_Activity_. Copy from the first line below down to and including the line with "Set Divani da". Skip the pictures.

====== The data

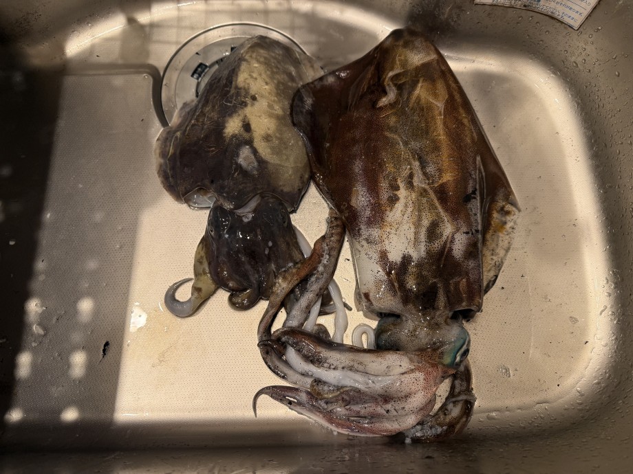 こりゃでかいかも?と慎重にやりとりし、走るのが止まるまでドラグに手を掛けず、ランが止まってから1ノッチずつドラグを締め、テンションが抜けないようにポンピングせずひたすら巻いてきました。こういう時にPCLT3000は楽々で全然巻けましたね。EGTR-XXも全く問題なしです。さて、船縁での抵抗をこらえてネットインしたアオリイカは立派なオスで、確実にキロアップ!やっと釣れました。その後は細かい当たりあるものの、これまた乗らず、やっと当たったのはキロくらいのモンゴウで、その後の追加ならずで13時半冲上がりとなりました。後の計測でキロアップどころか1.74キロと春イカサイズでした。晩秋にはキロアップも釣れていますが、1.74キロはほんと想定外でした。澄み潮や水温は慣れてくれば食いは立つのでしょうが、ここ数日水アカ酷く、それが釣果に影響している気もします。
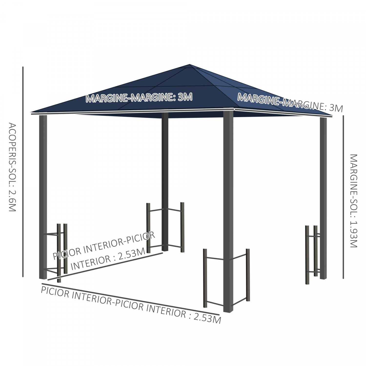 Outsunny 10' X 10' Tonnelle Gazebo Exterieur A Toit Rigide Panneaux De Polycarbonate Avec Cadre En Aluminium, Moustiquaires Et Rideaux Noir
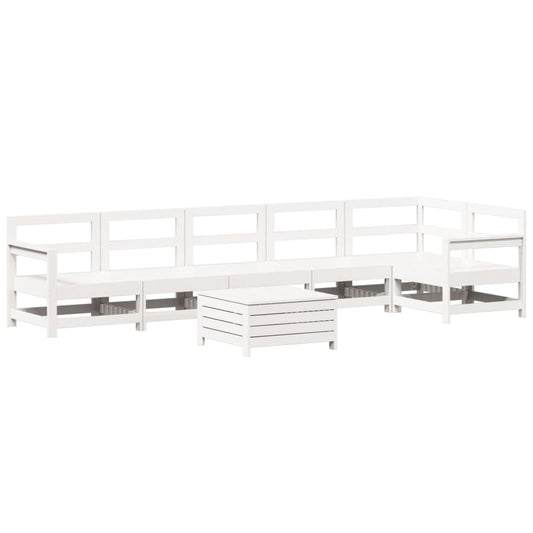 Set Divani da Giardino 7 pz Bianco in Legno Massello di Pino
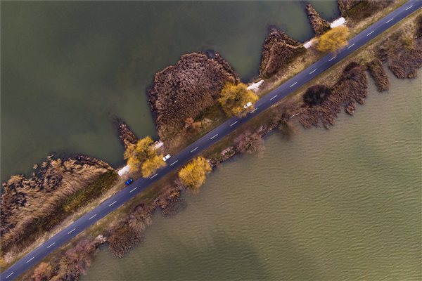 Így néz ki madártávlatból a Kis-Balaton. A zalavár-zalaszabari töltés a Kis-Balatonon 2018. december 29-én.  Fotó:  MTI/Varga György
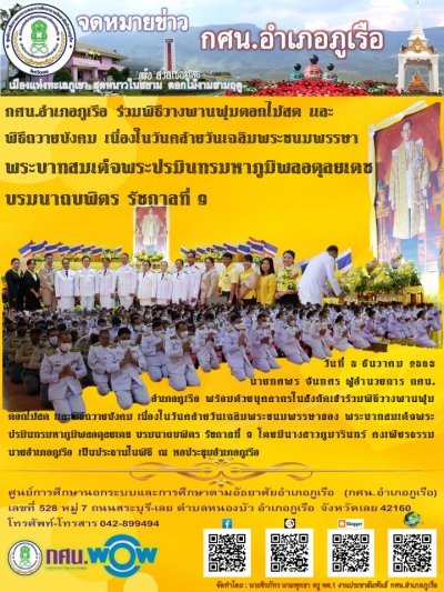 กศน.อำเภอภูเรือ ร่วมพิธีจุดเทียนมหามงคลน้อมรำลึก ในพระมหากรุณาธิคุณเนื่องในวันคล้ายวันเฉลิมพระชนมพรรษาพระบาทสมเด็จพระปรมินทรมหาภูมิพลอดุลยเดช บรมนาถบพิตร รัชกาลที่ 9
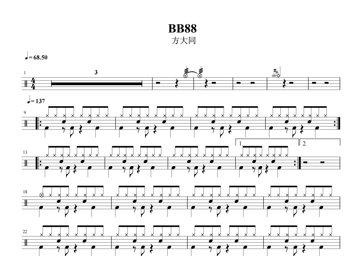 方大同《BB88》架子鼓谱
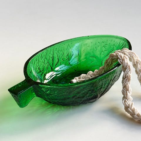 Smuk gammel lysegul glasskål fra 50-60’erne med slebne blomster motiver, som er meget dekorativ og med et flot udtryk
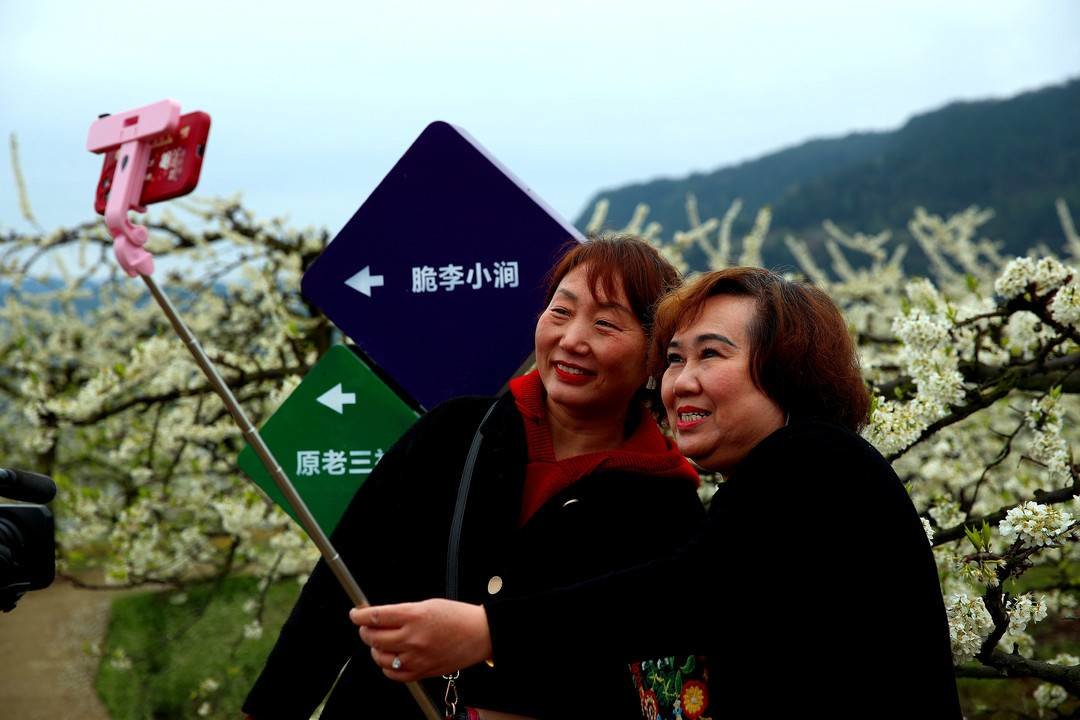 此次比赛还吸引了众多游客,他们一边欣赏着春天的景色,一边为参赛选手加油鼓劲。花间道、田埂边,到处是成群结队的游客,他们驻足李花旁,拿出手机与李花合影,定格美丽的一瞬。

============

_Answer space_.
 こりゃでかいかも?と慎重にやりとりし、走るのが止まるまでドラグに手を掛けず、ランが止まってから1ノッチずつドラグを締め、テンションが抜けないようにポンピングせずひたすら巻いてきました。こういう時にPCLT3000は楽々で全然巻けましたね。EGTR-XXも全く問題なしです。さて、船縁での抵抗をこらえてネットインしたアオリイカは立派なオスで、確実にキロアップ!やっと釣れました。その後は細かい当たりあるものの、これまた乗らず、やっと当たったのはキロくらいのモンゴウで、その後の追加ならずで13時半冲上がりとなりました。後の計測でキロアップどころか1.74キロと春イカサイズでした。晩秋にはキロアップも釣れていますが、1.74キロはほんと想定外でした。澄み潮や水温は慣れてくれば食いは立つのでしょうが、ここ数日水アカ酷く、それが釣果に影響している気もします。
 Outsunny 10' X 10' Tonnelle Gazebo Exterieur A Toit Rigide Panneaux De Polycarbonate Avec Cadre En Aluminium, Moustiquaires Et Rideaux Noir
 Set Divani da Giardino 7 pz Bianco in Legno Massello di Pino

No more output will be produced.